Dina started using one thumbnail to pick at a scab on the back of her other hand, in short hard scrapes. “Someone was listening to the radio this afternoon,” she said. “In work.”

 

Oh, shit. “And?”

 

“And. It said there was a dead body, and police were treating the death as suspicious. It said Broken Harbor. They had some guy talking, some cop. It sounded like you.”

 

And then the freezer had started making forest-fire noises. I said carefully, taking a seat in my armchair again, “OK.”

 

The scraping picked up force. “Don’t do that. Don’t bloody do that.”

 

“Do what?”

 

“Put on that face, that stupid poker-up-your-arse cop face. Talk like I’m some idiot witness you can play little games with because I’m too intimidated to call you on it.
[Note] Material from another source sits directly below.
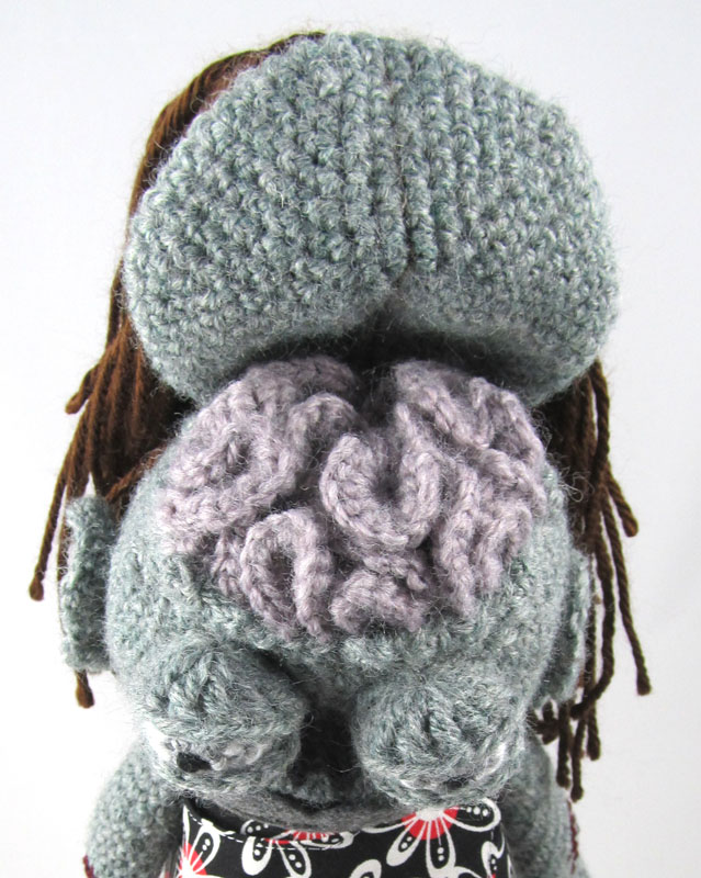 As you could probably already guess, for this challenge Shelby asked me to make him a zombie version of myself (a zombie self-portrait if you will). I set my heart on a few details from the start: an exposed brain with a flap of scalp, an eye that could pop out of the socket, and an arm that’s been cut off at the elbow. Of those three details, the eyes were the hardest, and I’m still not thrilled with how bug-eyed my zombie looks. So when I decided to make a zombie version of my husband to accompany the zombie version of me, I chose to simplify the construction of some of the details. Before I knew it, I had two very different patterns. The bodies and appendages are basically the same, but details like the eyes, brain opening, hair, and limbs are more complicated on the girl zombie. Have fun picking and choosing which details you like between the girl and boy zombies to make your zombie uniquely your own.
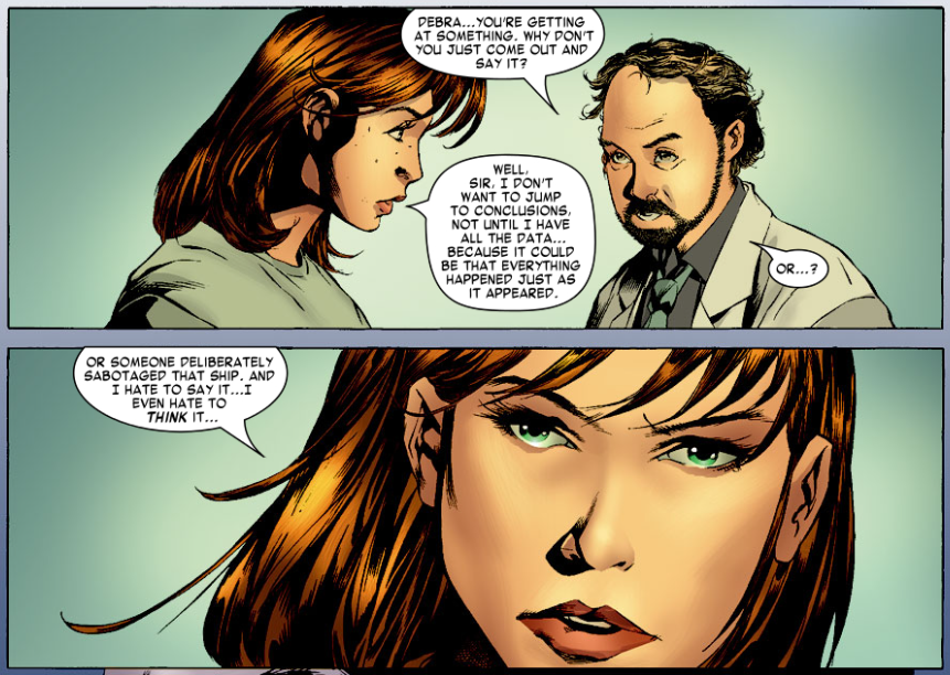 Sue meets with Debouvier, who is not there to organize a fundraiser. She’s opening an investigation into whether Franklin and Valeria are in a safe environment, or if they should be relocated. She argues that FF headquarters has been attacked and damaged on regular occasions, that “persons of dubious character” have been seen coming and going from the building, and that the kids are often left along for prolonged periods of time. Debouvier asks about the children’s babysitters. Rather than say the Inhumans watch the kids, Sue lies and says, “They’re from New Jersey.”

You don’t intimidate me. Do you get that?”

 

There was no point in arguing. I said calmly, “Got it. I’m not going to try to intimidate you.”

 

“Then stop fucking about and tell me.”

 

“You know I can’t discuss work. It’s not personal.”

 

“Jesus, how the hell is this not personal? I’m your sister. How much more personal does it get?”

 

She was jammed tight into her corner of the sofa, feet braced like she was getting ready to come flying at me, which was unlikely but not impossible. I said, “True enough. I meant I’m not hiding anything from you personally. I have to be discreet with everyone.”

 

Dina chewed at the back of her forearm and watched me like I was her enemy, narrowed eyes alight with cold animal cunning. “OK,” she said. “So let’s just watch the news.”